Dear Minister Coveney,

We, the undersigned, people who have lived and worked in Nicaragua, and others motivated by the recent tragic events, condemn the violent repression of unarmed civilian protesters by the Ortega-Murillo government. This wave of repression began in April 2018 when a large demonstration took place to protest against an increase in social security contributions. Since then, police and paramilitary forces in Nicaragua have killed over 300 people, including students and children, injured 3,000. In the past few days there has been a further clampdown on civil society, and eight different local NGOs have been stripped of their legal personhood, effectively making their work illegal.

There are over 400 political prisoners. Many of them are unlawfully detained and are being tortured at the hands of the authorities, accused of crimes of terrorism. The government accuses the protesters of trying to organise a coup. People who support the protests are students, women, workers, employers, civil society organisations and members of the Catholic hierarchy.
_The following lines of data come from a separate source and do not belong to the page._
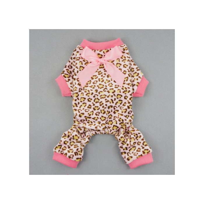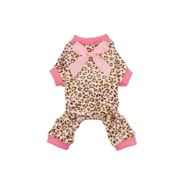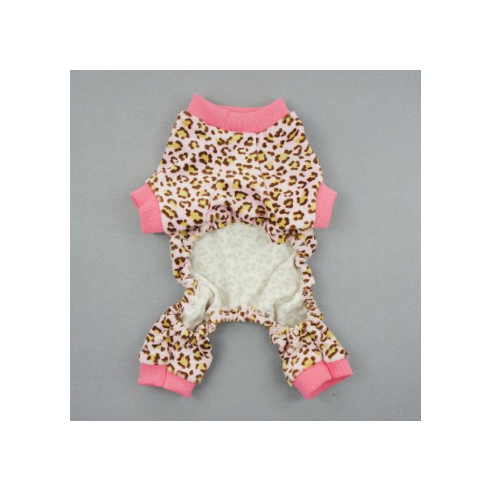 Fitwarm 견복 도그 웨어 롬퍼스(rompers) 방한 애완동물 복탈모 대책 실내복 소형견 표범 무늬 핑크 XXL [병행수입품]
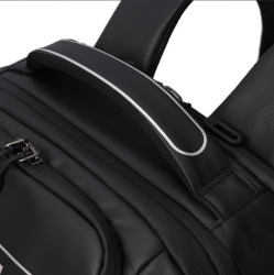 Вместительный рюкзак подойдет как для ежедневного использования, так и для путешествий. Внешняя и внутренняя ткани изготовлены из 100% переработанных и сертифицированных материалов RPET (переработанные пластиковые бутылки). Имеет два основных отделения, одно из которых со сдерживающими углами, где расположен дополнительный карман с RFID-защитой, отдел для смартфона и документов формата А4. Второй отдел для ноутбука 15.6", на молнии которого предусмотрена возможность разместить навесной замок. Передняя сторона оснащена карманом для вещей первой необходимости и светоотражающие элементы. На задней части рюкзака расположен карман для дождевика, планка для размещения изделия на крючек не деформируя и не повреждая ручки изделия. Также имеет боковые карманы для бутылки и зонтики.
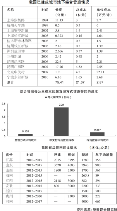 华泰证券近日发布的《城市综合管廊:从“地下”到“云端”》报告称,与国外相比,我国城市地下综合管廊起步晚、基础差、推进慢,根据文献资料,全国大约有70%的城市地下管线没有基础性城建档案资料,加上归属各部门的管线档案互不相通,除了马路经常被开挖、工程延期外,也屡屡造成建设过程中挖断管线的事故。建设城市地下综合管廊的需求已经变得十分急迫。

Doctors who give medical aid to injured protesters have been fired en masse. Teachers, journalists, farmers and environmental campaigners have all suffered at the hands of the paramilitary forces and the police. All of these groups use peaceful methods to make their demands for social change. In a recent survey 80% of the Nicaraguan population support the call for the government to resign immediately and avoid further conflict and bloodshed.

Amnesty International, in a recent report Instilling Terror: From Lethal Force to Persecution in Nicaragua, has documented serious and continuing human rights violations against the civilian population on the part of the Ortega-Murillo government. Many of us in Ireland who are in regular contact with Nicaraguan friends and community organisations can verify that they are living in terror, afraid to leave their homes, are in hiding, or have had to flee the country in fear of persecution. We are alarmed and heartbroken at the extent and cruelty of the repression and are seriously concerned for the safety of ordinary citizens who are determined to go about their daily lives in peace, defending their right to have a voice in the running of their own country.

There is a long tradition in Ireland of solidarity with the Nicaraguan people since they collectively overthrew the dictatorship of Anastasio Somoza in 1979. In the 1980s over 150 Irish people went to Nicaragua as members of Solidarity Brigades to support the Sandinista Revolution in the face of the US-sponsored Contra forces. Since April, however, we have witnessed how many of the people we worked with and supported have become victims of government repression.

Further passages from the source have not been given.